Why not? EVs lack tailpipe emissions, sure, but producing, operating, and disposing of these vehicles creates greenhouse-gas emissions and other environmental burdens. Driving an EV pushes these problems upstream, to the factory where the vehicle is made and beyond, as well as to the power plant where the electricity is generated. The entire life cycle of the vehicle must be considered, from cradle to grave. When you do that, the promise of electric vehicles doesn’t shine quite as brightly. Here we’ll show you in greater detail why that is.
The life cycle to which we refer has two parts: The vehicle cycle begins with mining the raw materials, refining them, turning them into components, and assembling them. It ends years later with salvaging what can be saved and disposing of what remains. Then there is the fuel cycle—the activities associated with producing and using the fuel or electricity to power the vehicle through its working life.
For EVs, much of the environmental burden centers on the production of batteries, the most energy- and resource-intensive component of the vehicle. Each stage in production matters—mining, refining, and producing the raw materials, manufacturing the components, and finally assembling them into cells and battery packs.
Where all this happens matters, too, because a battery factory uses a lot of electricity, and the source for that electricity varies from one region to the next. Manufacturing an EV battery using coal-based electricity results in more than three times the greenhouse-gas emissions of manufacturing a battery with electricity from renewable sources. And about
70 percent of lithium-ion batteries are produced in China, which derived 64 percent of its electricity from coal in 2020.

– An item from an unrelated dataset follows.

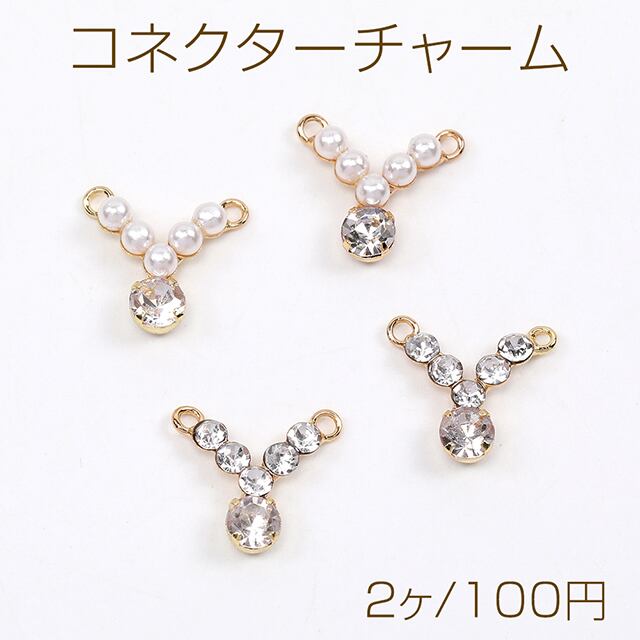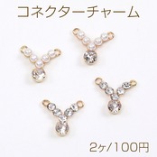 M12816 コネクターチャーム パール付き ラインストーン付き 2カン付き ゴールド 11×12mm | Beads&parts BASE2号店

The manufacture of lithium batteries for EVs, like those shown here, is energy intensive, as is the mining and refining of the raw materials. AFP/Getty Images
Most automotive manufacturers say they plan to use renewable energy in the future, but for now, most battery production relies on electric grids largely powered by fossil fuels.
Our 2020 study, published in Nature Climate Change, found that manufacturing a typical EV sold in the United States in 2018 emitted about 7 to 12 tonnes of carbon dioxide, compared with about 5 to 6 tonnes for a gasoline-fueled vehicle.
You also must consider the electricity that charges the vehicle. In 2019,
63 percent of global electricity was produced from fossil-fuel sources, the exact nature of which varies substantially among regions. China, using largely coal-based electricity, had 6 million EVs in 2021, constituting the largest total stock of EVs in the world.
But coal use varies, even within China. The southwest province of Yunnan derives about 70 percent of its electricity from hydropower, slightly more than the percentage in Washington state, while Shandong, a coastal province in the east, derives about 90 percent of its electricity from coal, similar to West Virginia.
Norway has the highest per capita number of EVs, which represented
more than 86 percent of vehicle sales in that country in 2021. And it produces almost all its electricity from hydro and solar. Therefore, an EV operated in Shandong imposes a much bigger environmental burden than that same EV would in Yunnan or Norway.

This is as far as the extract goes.